In my annecdata experience deep discharge (< 5%) and partly charging (like 40 to only 60%) affect the capacity severely. There the annecdata of the OP is not very relevant.
Interesting. I’ve always understood that partly charging was supposed to be better for battery health with lithium batteries.
I’ve capped my 15 Pro Max at 80% from the start and I avoid going below 20% and it’s still at 100% battery health after more than 10 months and 159 cycles. I occasionally charge from ~20% to a random higher number during the day, but other than that I just let it charge during the night. My iPhone 12 Pro Max dropped to 90% battery health in no time without the 80% cap and a similar charging schedule with optimized charging enabled.
4 years into a 12 Pro Max with zero optimization. Been at 84% for a while now.
Locking myself to 80% is silly since I'd much prefer that 20% as a buffer in important situations instead of having an extra 1% in some theoretical point 5 years in the future.
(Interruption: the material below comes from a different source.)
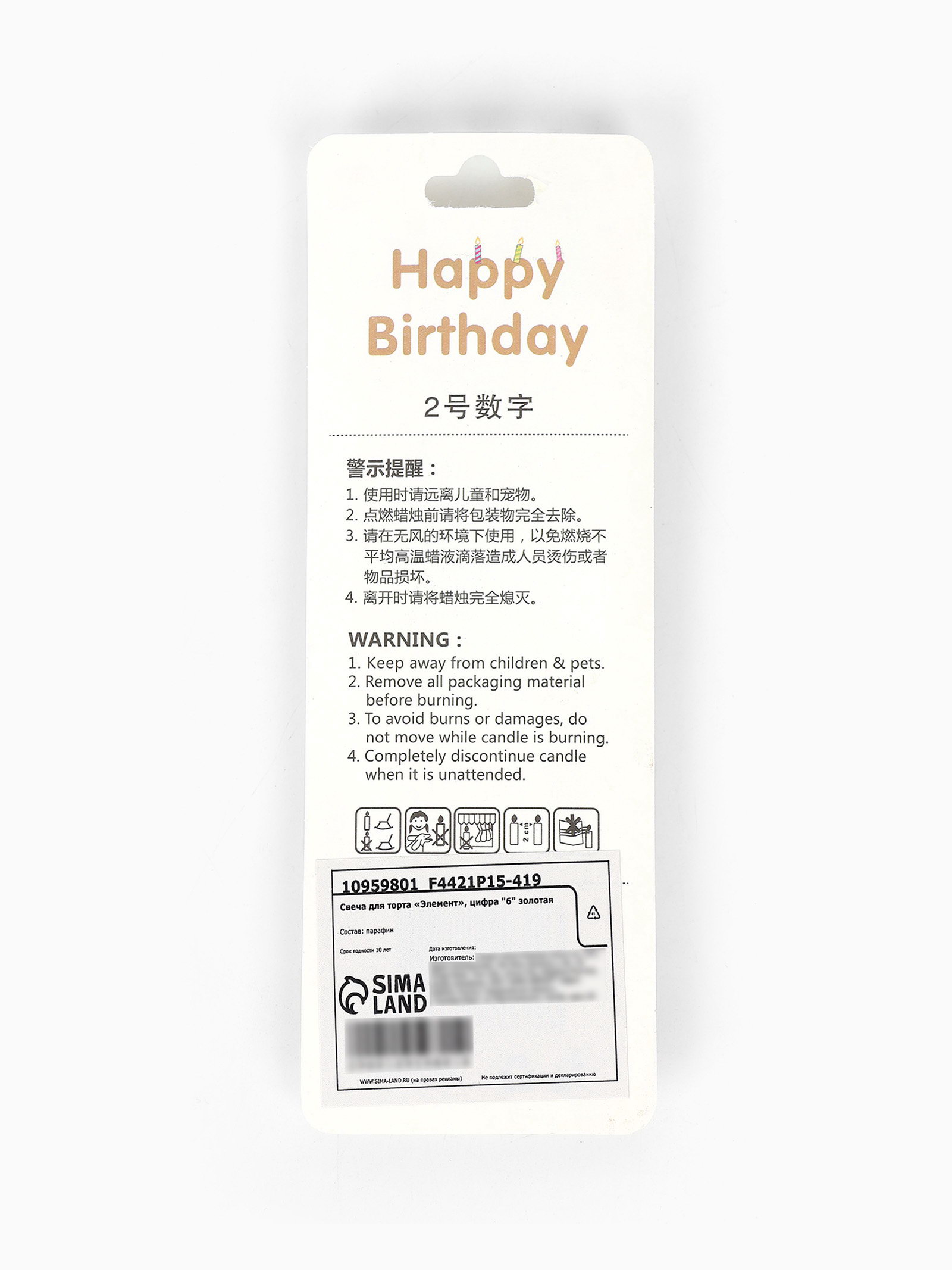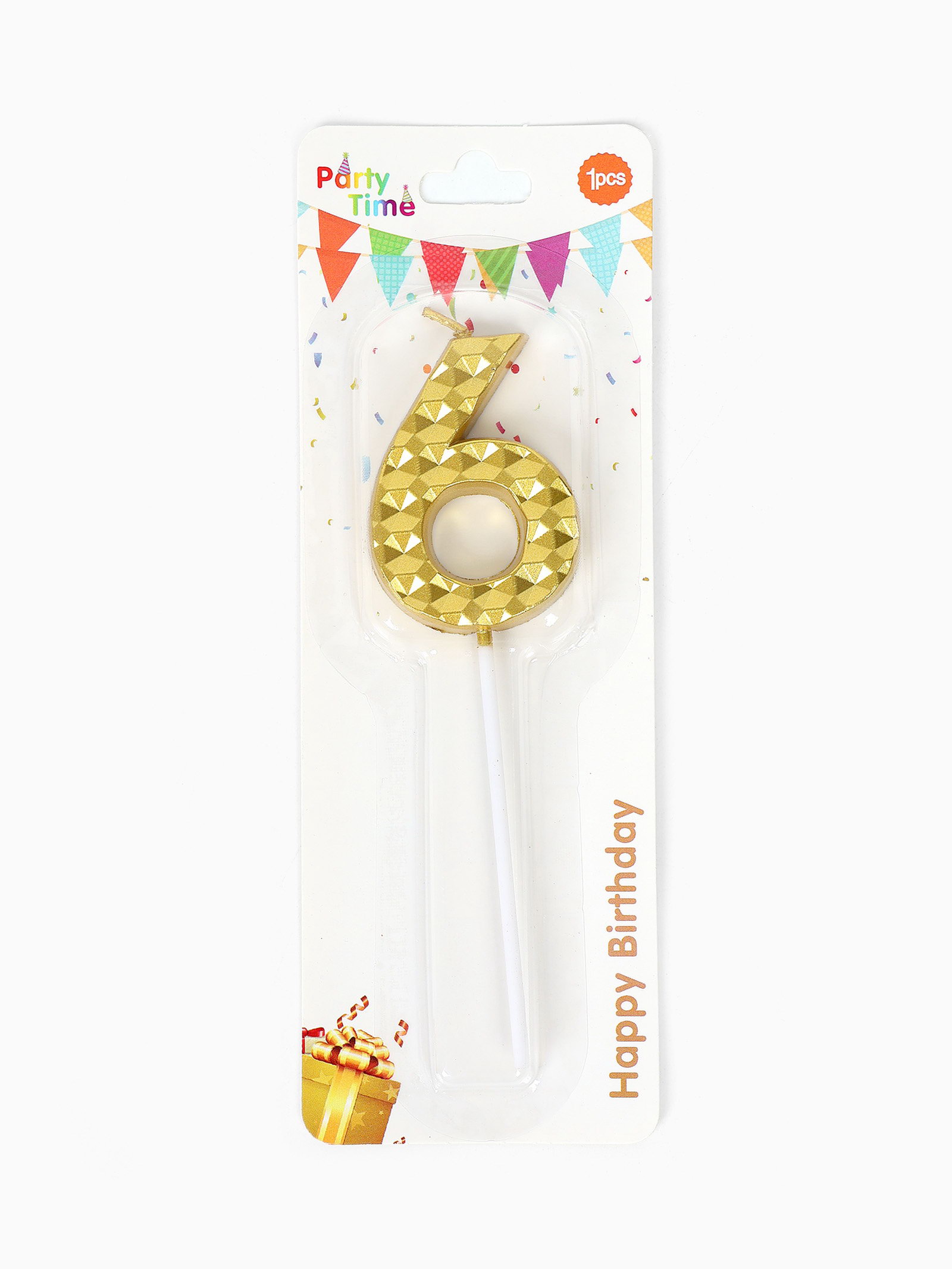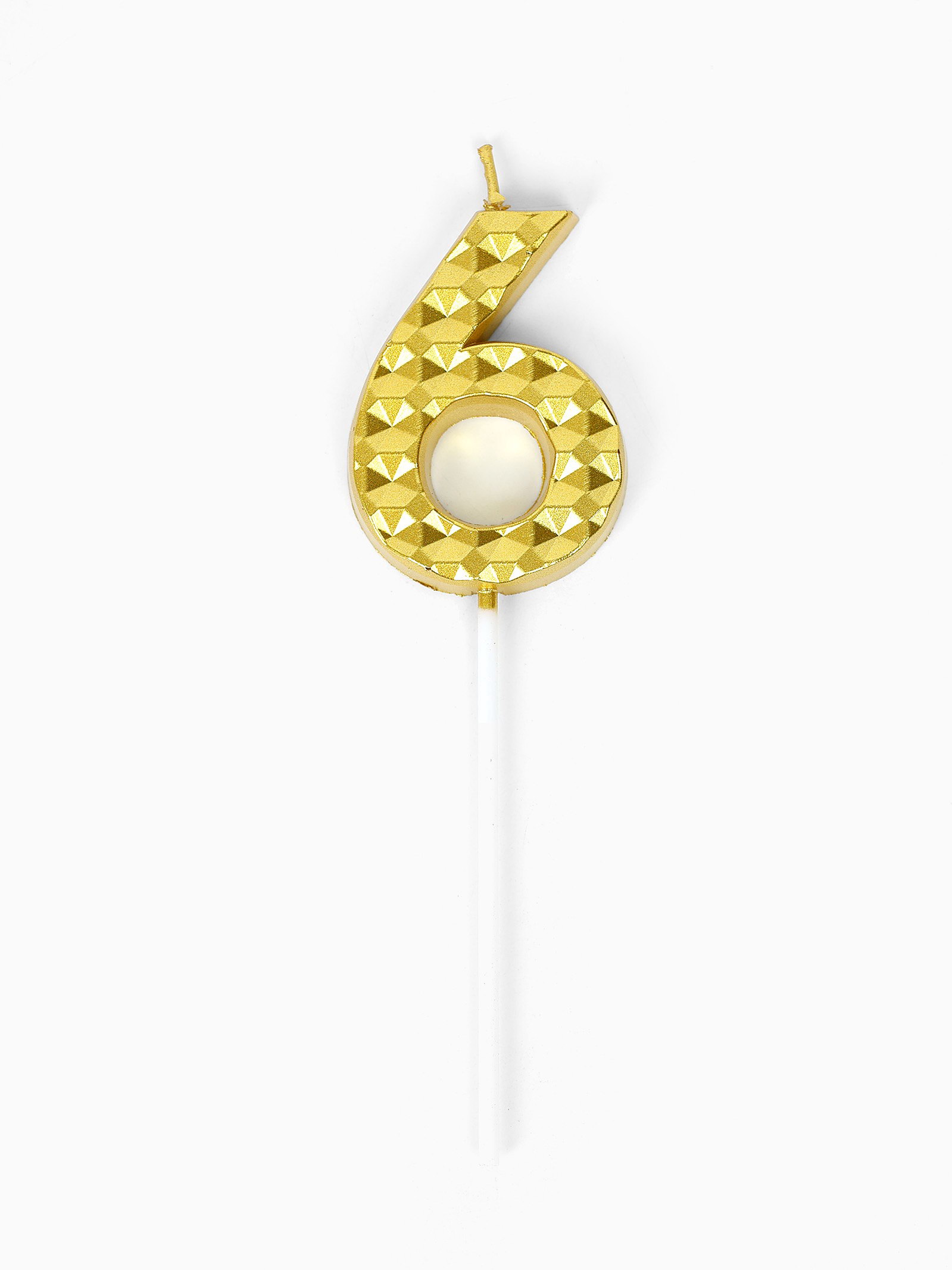 Свеча для торта "Элемент", цифра 6, золотая, 1x5.8x16.5 см., Китай

I've been at 2-3% remaining while trying to find a hotel in a new city/country and starting the day with a 100% charge has saved my ass countless times.
I literally discharged my 12 mini so fast in last couple of months of its two year applecare warranty, just to get a new battery. Got it done. Phone is visibly lasting so much longer now.
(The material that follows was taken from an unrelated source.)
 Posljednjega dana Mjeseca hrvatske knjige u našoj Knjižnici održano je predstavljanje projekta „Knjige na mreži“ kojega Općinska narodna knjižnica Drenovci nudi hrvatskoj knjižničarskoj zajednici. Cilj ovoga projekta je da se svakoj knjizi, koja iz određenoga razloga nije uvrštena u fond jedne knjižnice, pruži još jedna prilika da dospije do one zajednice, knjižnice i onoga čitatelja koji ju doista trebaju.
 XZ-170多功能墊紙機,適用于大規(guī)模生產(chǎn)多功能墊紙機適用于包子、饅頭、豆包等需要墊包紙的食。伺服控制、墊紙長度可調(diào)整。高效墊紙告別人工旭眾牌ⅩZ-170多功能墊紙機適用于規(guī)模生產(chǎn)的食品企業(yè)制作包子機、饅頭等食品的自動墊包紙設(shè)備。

iPhone likes to stay on single battery percentage for such a long time for no apparent reason that it feels like a misleading number.
Can’t speak for OP - but yes, my wife drains hers almost twice a day due to 6+ hours of phone calls plus normal casual usage.
Probably could be more diligent with planning and charging while using near a desk, but that adds mental overhead for very little gain. Her time and mental capacity is best spent towards focusing on her extremely high stress job. The entire point of apple ecosystem is to not have to think about it.
I rarely use the 80% feature of my iwatch since I have no idea which day out of 30 or so I actually end up needing that last 20%. Not worth the extra battery towards end of life since I will very likely be trading in and upgrading by the time it’d ever be useful to me. Even a single day of not having a dead watch offsets the cost for me.
As someone who at points has had high phone call work, I found it much better to use a VOIP line with a wireless desk phone. The ergonomics are better than a cell phone, the 40-hour talk time doesn't run down my phone battery, voicemails don't clog up my cell phone, I can programatically forward the number to my cell number, etc.
Biggest downside I've found is around recording calls. I'm sure there are ways to do that with VOIP, but I've found it easiest to just use my cell when I have the occasional call I need to record.
Yeah, my job doesn't include phone calls at all, so it seems really alien to me now. Even so, the idea of voicemails still seems quaint and antiquated: they're incredibly inefficient for the listener. If I had a job that involved phone calls, I'd still rather just hang up when I don't get an answer, and instead send a detailed email.
In regards to the mental overhead of charging at a desk, I have found that a charging stand helps me not think about it, compared to plugging in a cable. It becomes the default place to put the phone when seated. A non-Magsafe solution might be better since there aren't cables that can be accidentally yanked.
Wow. I wonder if a non-smart phone would do better? Too bad batteries aren't removable anymore. I recall some "battery cases" that could go 48-72 hours in exchange for more bulk.
I just turned that off immediately. It’s not that expensive to have a shop replace the battery and it will eventually need replacing anyway. I’m not living my life at 80% and milking the battery to avoid something that is inevitable anyway. Glad to see this confirm that it didn’t do a lot anyway.
The part that's NOT inevitable is it going bad during Apple's warranty window. It was such a self-serving policy to begin with. After all, the primary symptom of the kind of decay they're supposedly avoiding, is a battery with 80% capacity!
But scheiße, I had to buy new phone anyway, because banking app refused to work on Android 6.